Of all the bridges in all the world, they had to walk on to mine.

Directed by Jules Dassin

Written by Marvin Wald and Albert Maltz

Starring Barry Fitzgerald and Howard Duff

This landmark cop film received the Criterion Collection treatment, but it’s charms were fairly lost on me. It virtually invented the police procedural, and that’s likely why it feels so familiar. It’s plays out like a Law and Order episode with an action climax involving (of all things) a chase on the Brooklyn Bridge.

They’re tropes now, but the film was a monster hit when it was released. And its documentary-style mise en scene was chiefly the reason why. Its most bizarre element involves a voiceover narration from the film’s producer, Mark Hellinger, that was jarringly at odds with the realistic portrayal of New York City. It completely takes the viewer out of the movie.

Barry Fitzgerald, playing his standard wise, winkin’ Irishman, grew on me. At first, he seemed all wrong for the role as the senior detective, but the movie took place in a Manhattan where ethnicity played a larger role than now. And when movies still liked to use people over 50 as lead characters.

BP Quick Hitter: Lethal Weapon (1987)

The 80s: When Mel Gibson’s characters were the ones who were crazy.

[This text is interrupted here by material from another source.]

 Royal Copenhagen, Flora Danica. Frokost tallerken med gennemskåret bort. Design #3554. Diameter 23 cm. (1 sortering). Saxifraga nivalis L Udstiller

Directed by Richard Donner

Written by Shane Black

Starring Mel Gibson, Danny Glover, Gary Busey

Writing critically about Lethal Weapon would be a ridiculous, meaningless thing to do. Like umpiring a t-ball game or digging a hole in a swamp.

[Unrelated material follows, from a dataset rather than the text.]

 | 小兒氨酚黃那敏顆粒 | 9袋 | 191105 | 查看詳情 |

But re-watching this tried-and-true cable TV actioner a few weeks ago, I was struck what a slick, well-built piece of machinery it really is. Like many films that helped launch a wave, its formula has been replicated, repurposed, twisted, and inverted so many times that the original is termed guilty by mere association with something such as Collision Course (Jay Leno and Pat Morita!) or Turner and Hooch (Tom Hanks plus dog).

Lethal Weapon didn’t invent the dreaded “buddy-cop” genre, but you could argue it perfected it.  Wikipedia has an enjoyable entry tracing the evolution of the concept. It claims the first such film might have been In the Heat of the Night” but the modern father is 48 HRS, a movie I keenly remember seeing as teenage. I liked it so much I came back and watched it again (and which, sadly, featured another insane mofo. And Nick Nolte.)  You could even make an argument for Butch Cassidy and the Sundance Kid as the first “action-comedy.”

Movies and television were rife with these kinds of partnerships in the eighties. Roger Ebert labeled them “wunzas”—as in “One’s a cop on the edge. . . .”

(Sidenote: Who killed this genre? Jackie Chan? Owen Wilson? Josh Hartnett? And when is it coming back?)